In order to forecast AGI timelines while taking into account all significantly relevant factors, one needs to use intuitive estimations for several important parameters.
Despite (2), it’s important to try anyways and make the results public to (a) advance the state of public understanding of AGI timelines and (b) make our reasoning for our timelines more transparent than if we gave a vague justification with no model.
Therefore, it’s a good and important thing to make and publish models like ours
I have nothing against publishing models like this! I think the focus should be on modeling assumptions like super-exponentiality and treated as modeling exercises first-and-foremost. Assumptions that highly constrain the model should be first and foremost rather than absent from publicly facing write-ups and only in appendices. Perturbation tests should be conducted and publicly shown. It is true that I don’t think this represents high-quality quantitative work, but that doesn’t mean I don’t think any of it is relevant, even if I think the presentation does not demonstrate a good sense of responsibility. The hype and advertising-ness of the presentation is consistent, and while I have been trying to avoid particular comment thereon, it is a constant weight hanging over the discussion. Publication of a model and breathless speculation are not the same, and I really do not want to litigate the speculative aspects but they are the main thing everyone is talking about including in the New York Times.
I think this is not true, but I don’t think it is worth litigating separately from the research progress super-exponential factor which is also modeled as already happening. so it is easeir (though I don’t think easy) to defend both individually based on small potatoes evidence of a speedup, but I can’t imagine how both could be defended at once, so that has to come first so we don’t double count evidence.
I don’t understand why you think we shouldn’t account for research progress speedups due to AI systems on the way to superhuman coder.

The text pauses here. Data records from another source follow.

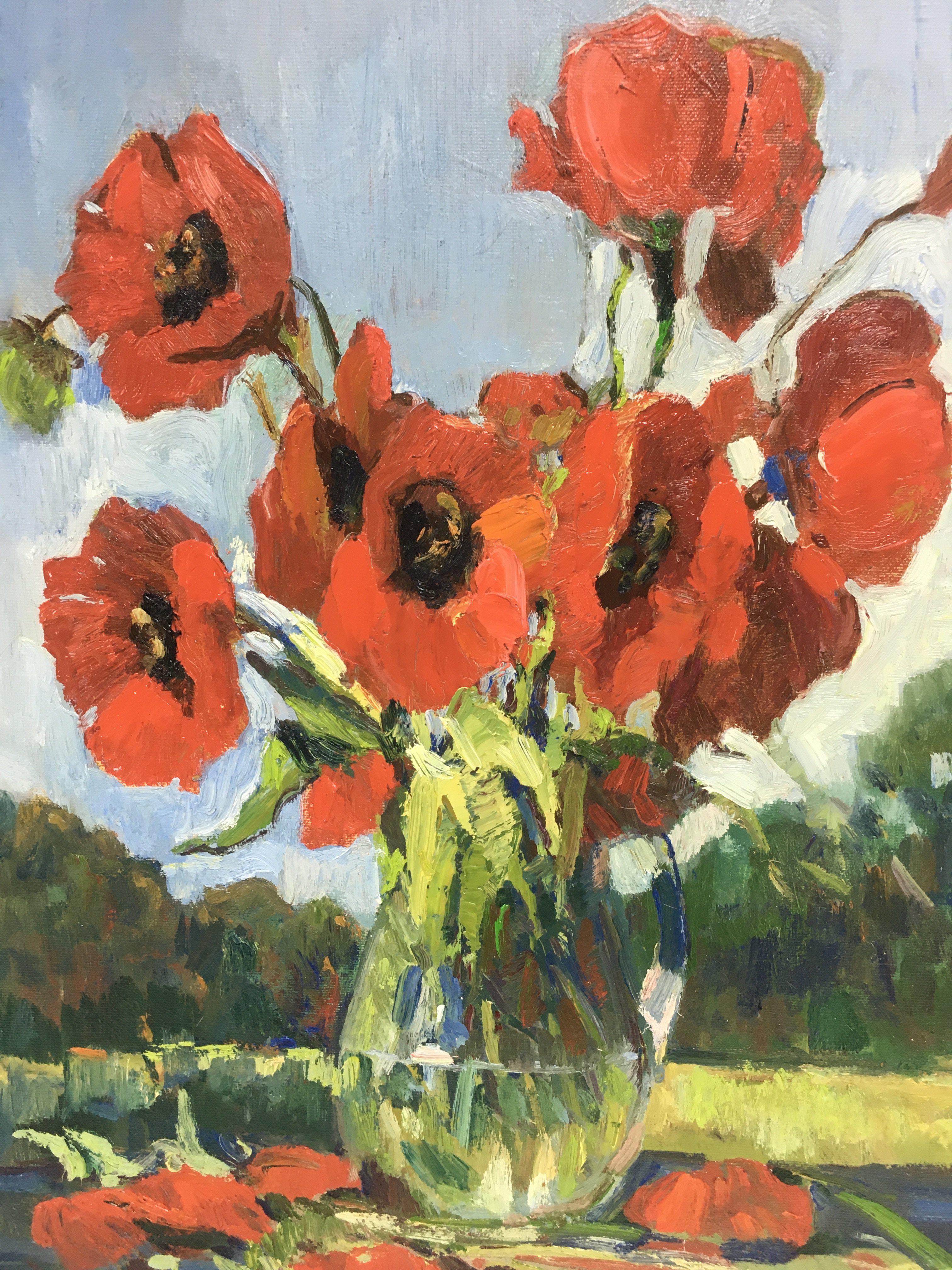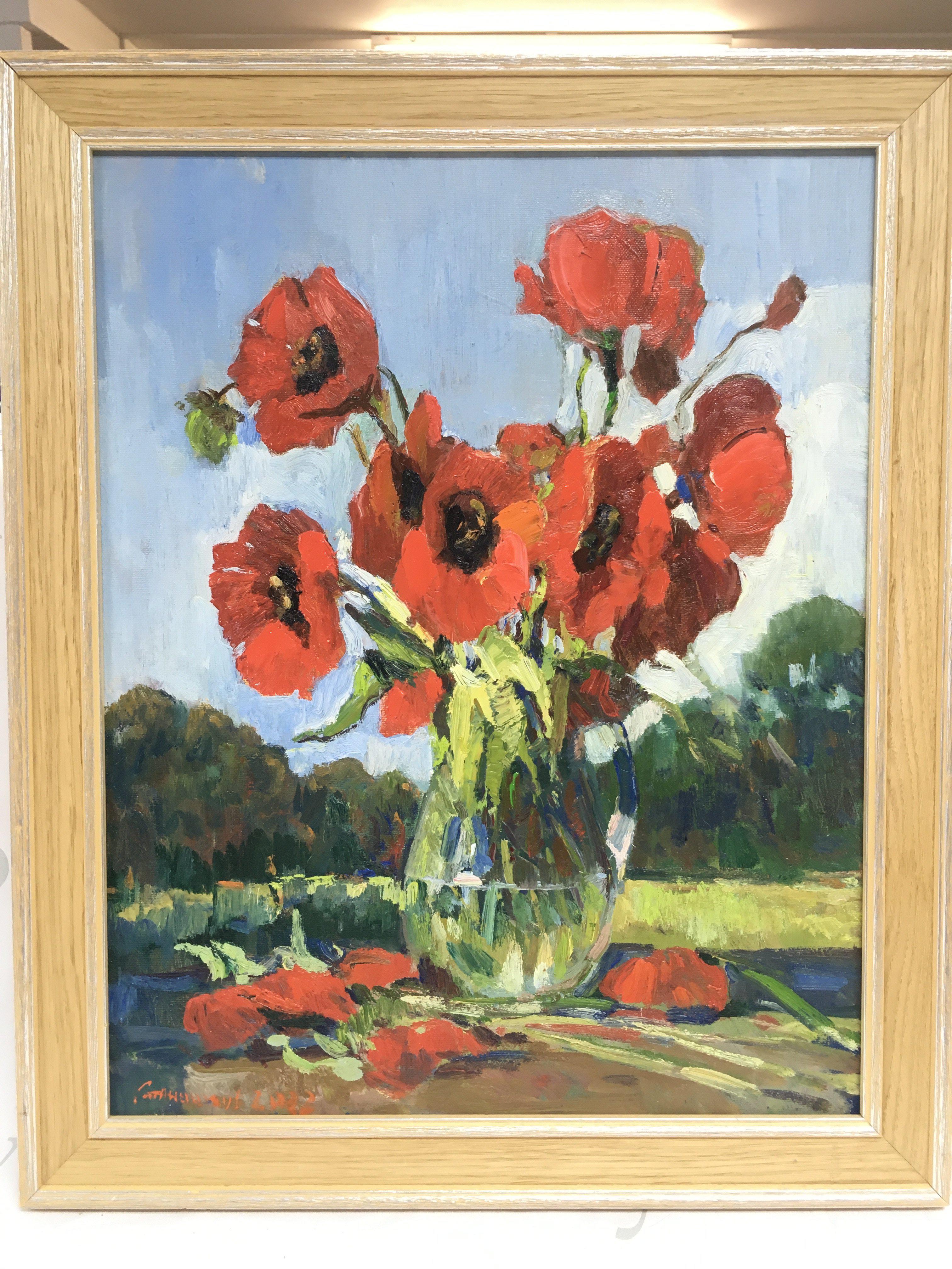 A framed oil painting depicting a vase of Poppies by Oleg Stanichnov , dimensions 48x58cm
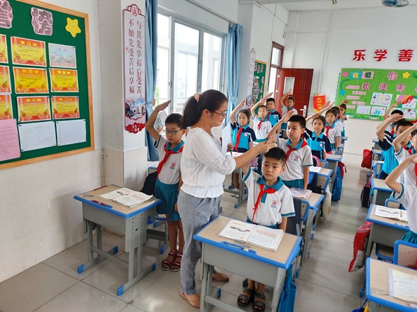 为激发队员爱党爱国爱队的热情,增强少先队员的光荣感和使命感,6月22日上午,南区北台小学组织开展了“红领巾心向党”少先队敬队礼活动。
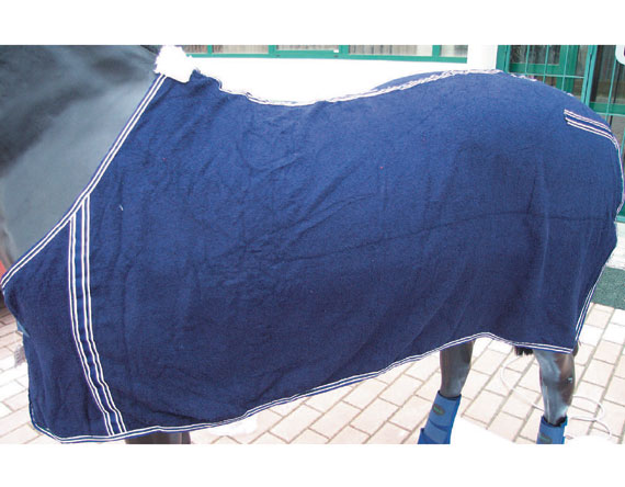 Copertina in pile da passeggio: si usa per passeggiare i cavalli quando c’è aria e sono sudati. Generalmente non ha le cinghie sottopancia.

And this is clearly a separate dynamic from the trend being possibly superexopnential without these speedups taken into account (which, again, we already see some empirical evidence for this possibility). I’d appreciate if you made object-level arguments against one or both of these factors being included.

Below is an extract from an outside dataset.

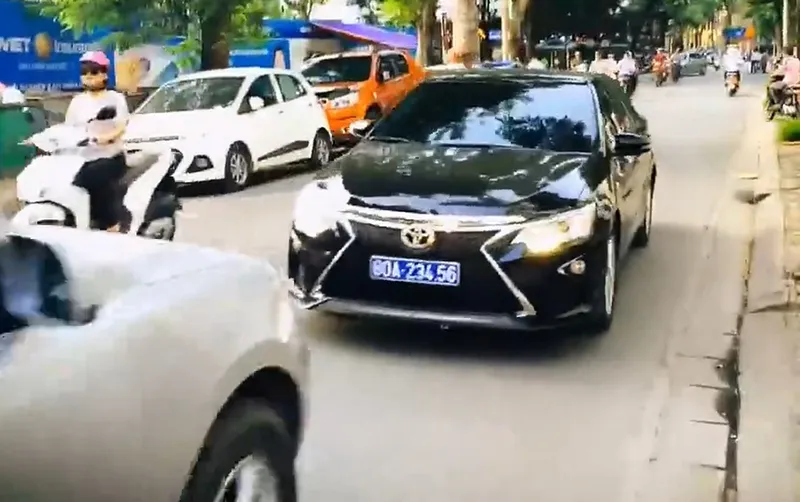 Ngày 13-9, trên mạng xã hội xuất hiện clip ghi cảnh ô tô Camry biển số xanh 80A-234.56 bị xe bốn chỗ buộc phải chạy lùi trên đường phố Hà Nội vì xe 80A lấn vào làn ngược chiều để lưu thông.
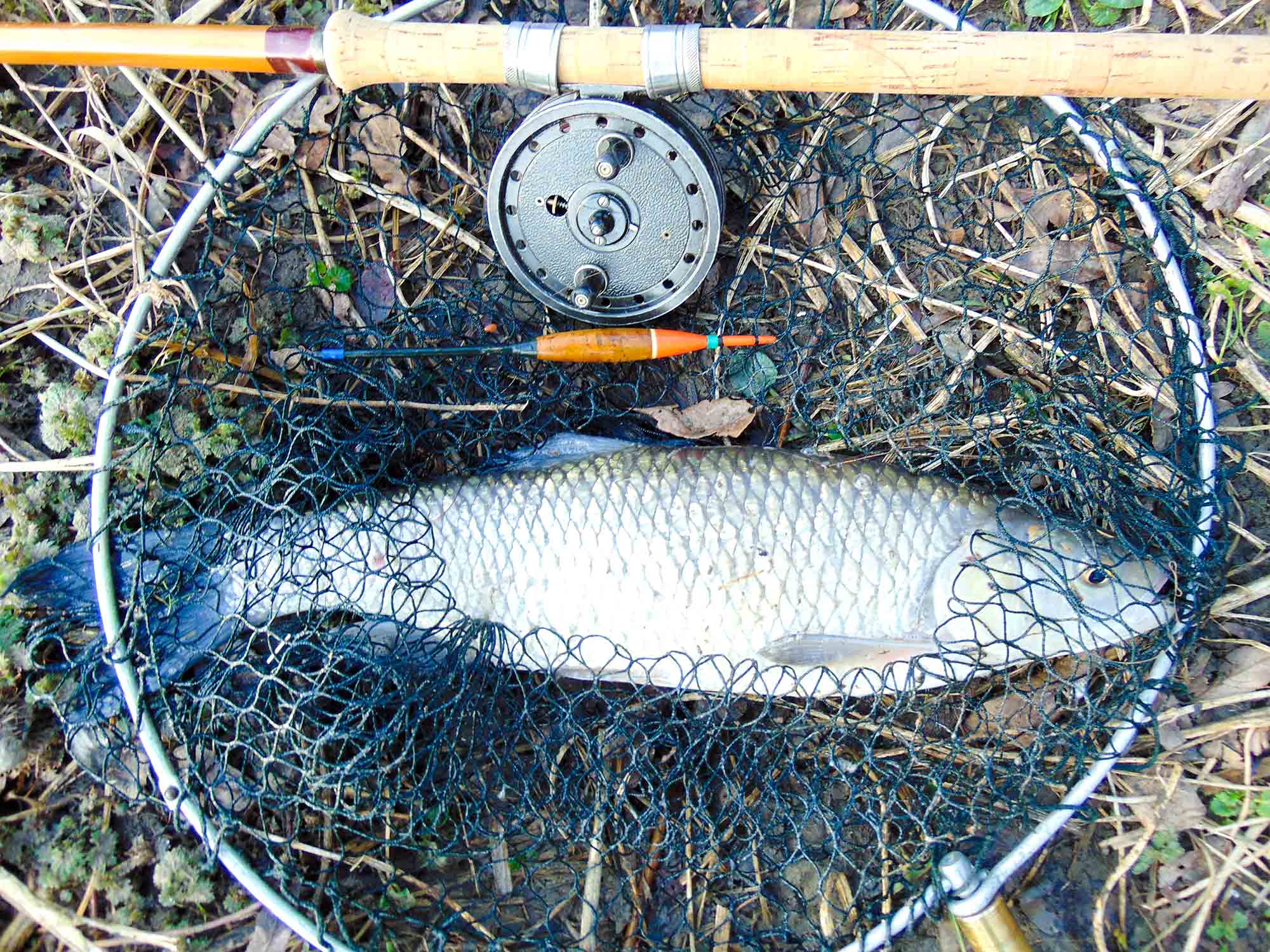 Picture of a Chub in a vintage landing net along with a Rapidex fishing reel mounted on a Fred J. Taylor split cane fishing rod

I think this has a relatively simple crux
Research progress has empirically slowed according to your own source of EpochAI (Edit: as a percentage of all progress which is the term used in the model. It is constant in absolute terms)
You assume the opposite which would explain away the METR speed-up on its own
So justifying the additional super-exponential term with the METR speed-up is double counting evidence
Then, split out the calculate_base_time function from the calculate_sc_arrival_year function and plot those results (here is my snippet to adjust the base time to decimal year and limit to the super-exponential group: base_time_in_months[se_mask] / 12 + 2025 ). You’ll have to do some simple wrangling to expose the se_mask and get the plotting function to work but nothing substantive.
Could you share the code on a fork or PR?
I can drop my versions of the files in a drive or something, I’m just editing on the fly, so they aren’t intended to be snapshotted, but here you go!
Imagine if climate researchers had made a model where carbon impact on the environment gets twice-to-infinity times larger in 2028 based on “that’s what we think might be happening in Jupiter.”
A few thoughts:
Climate change forecasting is fundamentally more amenable to grounded quantitative modeling than AGI forecasting, and even there my impression is that there’s substantial disagreement based on qualitative arguments regarding various parameter settings (though I’m very far from an expert on this).
Forecasts which include intuitive estimations are commonplace and often useful (see e.g. intelligence analysis, Superforecasting, prediction markets, etc.).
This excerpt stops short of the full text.